REPUBLIKA.CO.ID, WASHINGTON -- Pemerintah AS dikabarkan akan meninggalkan rencana pengerahan pasukan stabilisasi internasional (ISF) yang akan melucuti senjata kelompok bersenjata non-negara termasuk Hamas, sehingga bisa melanjutkan proses pembangunan kembali Gaza. Keputusan itu menurut laporan telvisi Israel dilansir Times of Israel, Ahad (16/11/2025) memicu ketidaksetujuan Israel.
Menurut laporan televisi Channel 13, keputusan terbaru Gedung Putih ini membuat pembicaraan antara AS dan Israel terkait masa depan Gaza menemui 'jalan buntu'. Menurut seorang sumber Israel, sejak AS kesulitan mendapatkan komitmen dari negara-negara pihak ketiga untuk berpartisipasi melucuti Hamas, Gedung Putih mulai mengejar "solusi interim, yang saat ini tidak bisa diterima oleh Israel".
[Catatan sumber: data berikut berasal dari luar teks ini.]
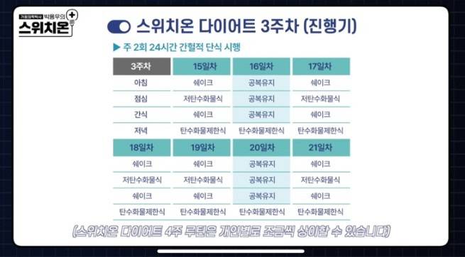 그러나 1주일에 3회를 24시간 단식이 들어간다.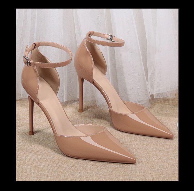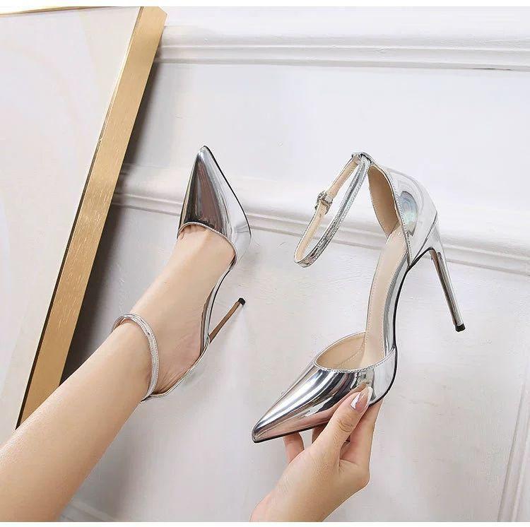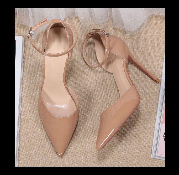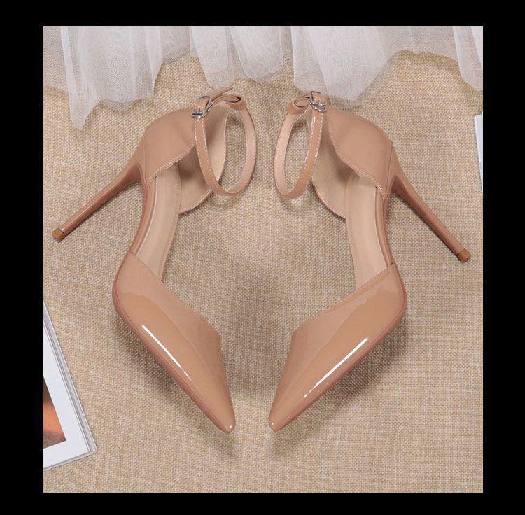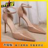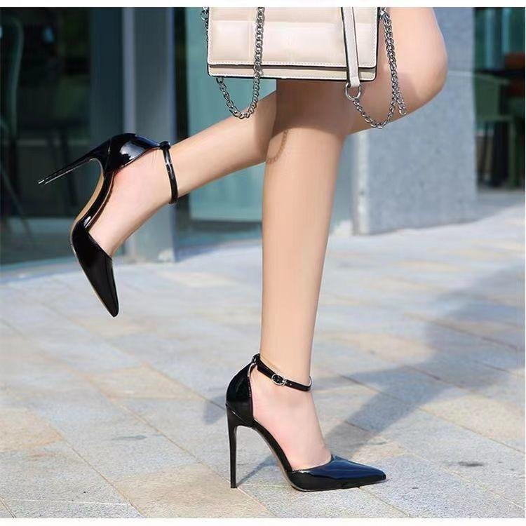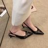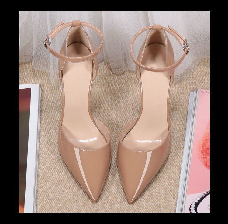 Zapatos de tacón alto de aguja de punta con una tira, de punta cerrada, nuevos de primavera y verano 2025, versátiles franceses, escotados, huecos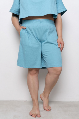 Шорты женские элегантной длины. Пояс на мягкой резинке. В боковых швах функциональные карманы. Шорты уместны как для дома, так и для отдыха. Модель представлена в трех цветовых решениях.
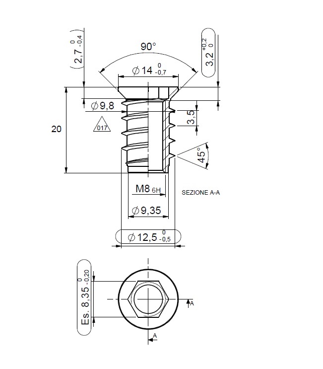Screw-In Bushing M-820, M8x20mm, Steel, BZP, Hex 8mm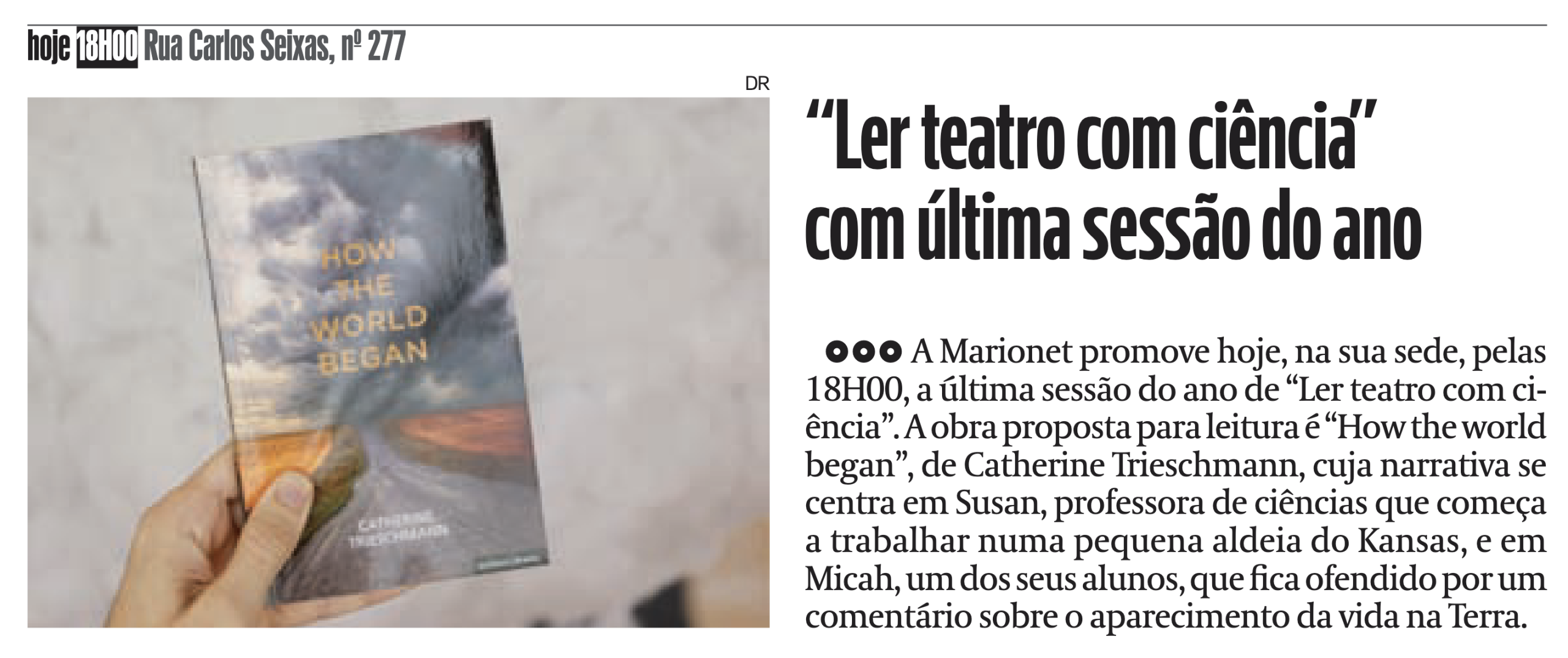 A 28.ª sessão de Ler Teatro com Ciência acontece no dia 19 de novembro, pelas 18 horas, no espaço da Marionet (Rua Carlos Seixas, 277).

"Solusi interim ini adalah yang terburuk yang ada," ujar seorang pejabat senior Israel kepada Channel 13. "Hamas telah memperkuat diri kembali beberapa pekan terakhir sejak perang berakhir," ujarnya menambahkan.
"Tidak akan ada rehabilitasi sebelum demiliterisasi. Itu bertentangan dengan rencana Trump. Gaza harus didemiliterisasikan."
Pekan lalu, Times of Israel mendapatkan draf resolusi AS untuk Gaza yang akan didorong untuk disahkan oleh Dewan Keamanan (DK) PBB pada Senin (17/11/2025). Draf resolusi itu akan memberikan otorisasi kepada negara-negara "untuk membentuk sebuah Pasukan Stabilisasi Internasional sementara," dan mengindikasikan mandat berlaku hingga 2027.
Menurut laporan lembaga penyiaran publik Kan pada Sabtu (15/11/2025), Israel pada beberapa hari terakhir tengah menyiapkan diri untuk menghadapi masuknya puluhan ribu tentara Asing ke Gaza menyusul pengesahan resolusi DK PBB. Kan menyebut Israel menginginkan ISF diberikan wewenang untuk melucuti Hamas, meski sebagian besar negara hanya mau tentaranya menjadi pasukan perdamaian.